Email, Desktop, Mobile Vacuum Apps and Fallacies
Email on the Desktop is in a mess. In 2015 Mozilla has more or less long abandoned Thunderbird, Postbox is Thunderbird with a slightly better GUI, Apple Mail is good enough but very short on customizability (shortcuts, plugins, etc), and MS Outlook is not especially better.
This in stark contrast with the huge interest for email productivity apps in the mobile space. Mailbox, now a (quiet) Dropbox product, showed the way a few years back by introducing new patterns for dealing with email. These patterns are mainly about swiping gestures to quickly take actions, and the ability to snooze emails to get back to them at a specific time.
While dealing with personal email is generally easy, dealing with work email is a different matter. Adopting a getting things done strategy typically revolves around moving email between folders, say action, hold, etc. Some people use flagging, and / or the (un)read status to help in their triage. The more hats you have in your job, and the more it gets complicated as you need to keep track of different contexts.
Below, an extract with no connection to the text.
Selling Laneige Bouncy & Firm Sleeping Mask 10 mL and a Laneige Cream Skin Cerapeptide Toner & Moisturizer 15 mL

Mailbox and its myriad of clones provide genuine helpers to reduce frictions and turn a flood of email into actionable items. But this comes at a very special price…
Email Vacuum
The email client has traditionally been a multi-protocol software commonly supporting IMAP, POP3 and possibly Exchange. Mailbox showed the way for something different: the client is connected to proprietary gateway services that in turn connect to the email servers. In short: to provide functionality and push notifications, a man in the middle service reads all your emails from your provider, which can be your company.
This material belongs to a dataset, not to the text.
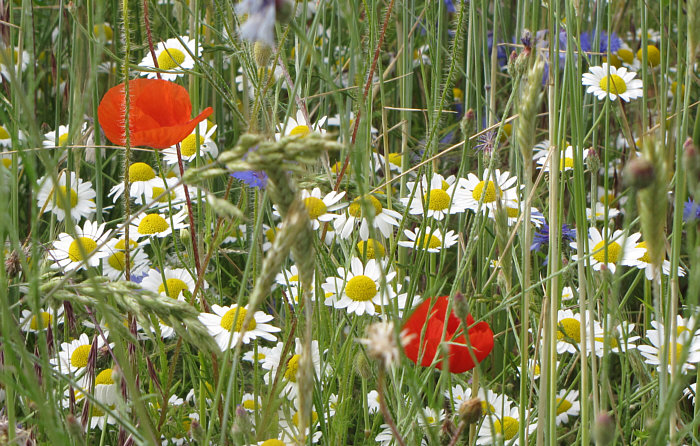 hier im Kornblumen/Mohn/Kamille-Feld noch nicht.

This is of course a very big threat, as third-party companies just tap into all your email. All modern and fancy productivity email applications just do that: Outlook/Accompli, myMail, CloudMagic, Mail.ru, etc. Only Inbox from Google fares better in the war of email productivity, as email does not leave the Google servers.
What is perhaps a bigger issue is that most end users have absolutely no idea that their email is being vacuumed to a third-party service which in turn is likely to do something from the data. All these applications ask for the type of email account you would like to add (GMail, Exchange, IMAP, etc) then for your credentials. It takes a bit of technical knowledge not to be fooled with the wordings and claims of industry-grade security.
So yes, most of these apps will suck all your email and they will know your email password (exception: GMail has OAuth, iCloud has app-specific passwords).
Providing functionality: fallacies
So suppose you enjoy crunching through email with one of these applications on mobile devices. Now get back to the desktop and enjoy the total lack of continuity: you are stuck with a big mismatch between what your mobile application does, and what your desktop application does. This isn’t exactly true: Mailbox has a (broken) desktop application and Inbox works fine from a web browser. But still, it’s not like a using a quality desktop email client.
Email is fundamentally based on distributed and client-agnostic protocols. Application providers are lying when they claim that vacuuming your email is the only way to provide functionality.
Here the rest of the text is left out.